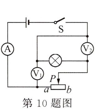 10. (2025·江苏南京月考·2分)如图所示的电路中,电源电压不变,不考虑灯丝电阻随温度的变化.当开关S闭合,滑片P置于变阻器的b端时,电压表$V_{1}$示数为12V,电流表示数为0.4A;当滑片P移至变阻器的中点时,电压表$V_{2}示数恰等于V_{1}$示数的一半,则变阻器最大阻值为____Ω;滑片由变阻器的b端移至中点过程中,通过灯泡的电流变化了____A.
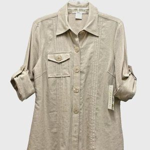 Details Womens Shirt Size M, Linen Cotton, Safari StyleButtondown, Collared, NWT
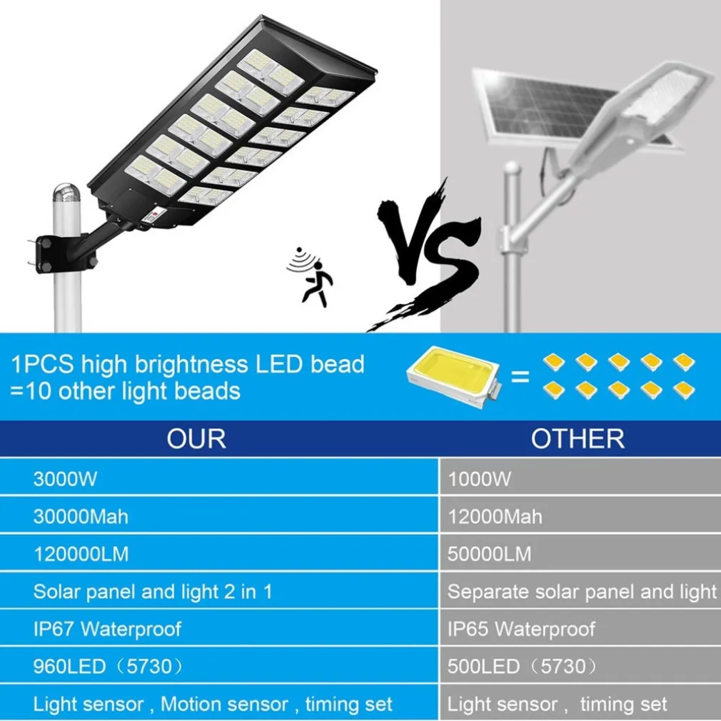 Alta luminosità a costo zero: fino a 99000000 lumen, garantiti da LED 5730 ad alta efficienza. Pannello solare policristallino A-grade con un +20% di rendimento.
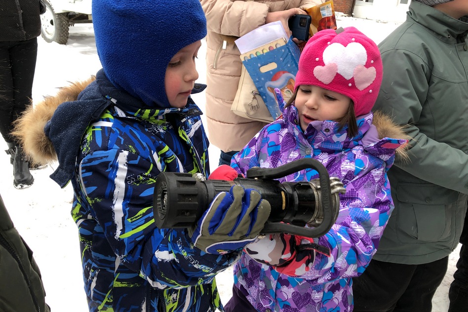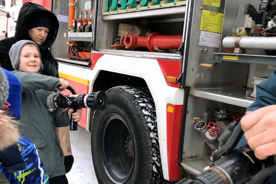 На улице победители конкурса смогли посидеть в кабине боевого расчета, покрутить в руках пожарные стволы, подержать инструменты. А больше всего им хотелось увидеть самою большую машину в городе – автолестницу АЛ50. В разложенном состоянии она достигает длинны 50 метров, достает до 17 этажа.

__ACTIVITY__.
Print every line of the data exactly. Pictures do not belong in the copy.

__ANSWER TO THE PROBLEM__.
 10. (2025·江苏南京月考·2分)如图所示的电路中,电源电压不变,不考虑灯丝电阻随温度的变化.当开关S闭合,滑片P置于变阻器的b端时,电压表$V_{1}$示数为12V,电流表示数为0.4A;当滑片P移至变阻器的中点时,电压表$V_{2}示数恰等于V_{1}$示数的一半,则变阻器最大阻值为____Ω;滑片由变阻器的b端移至中点过程中,通过灯泡的电流变化了____A.
 Details Womens Shirt Size M, Linen Cotton, Safari StyleButtondown, Collared, NWT
 Alta luminosità a costo zero: fino a 99000000 lumen, garantiti da LED 5730 ad alta efficienza. Pannello solare policristallino A-grade con un +20% di rendimento.
 На улице победители конкурса смогли посидеть в кабине боевого расчета, покрутить в руках пожарные стволы, подержать инструменты. А больше всего им хотелось увидеть самою большую машину в городе – автолестницу АЛ50. В разложенном состоянии она достигает длинны 50 метров, достает до 17 этажа.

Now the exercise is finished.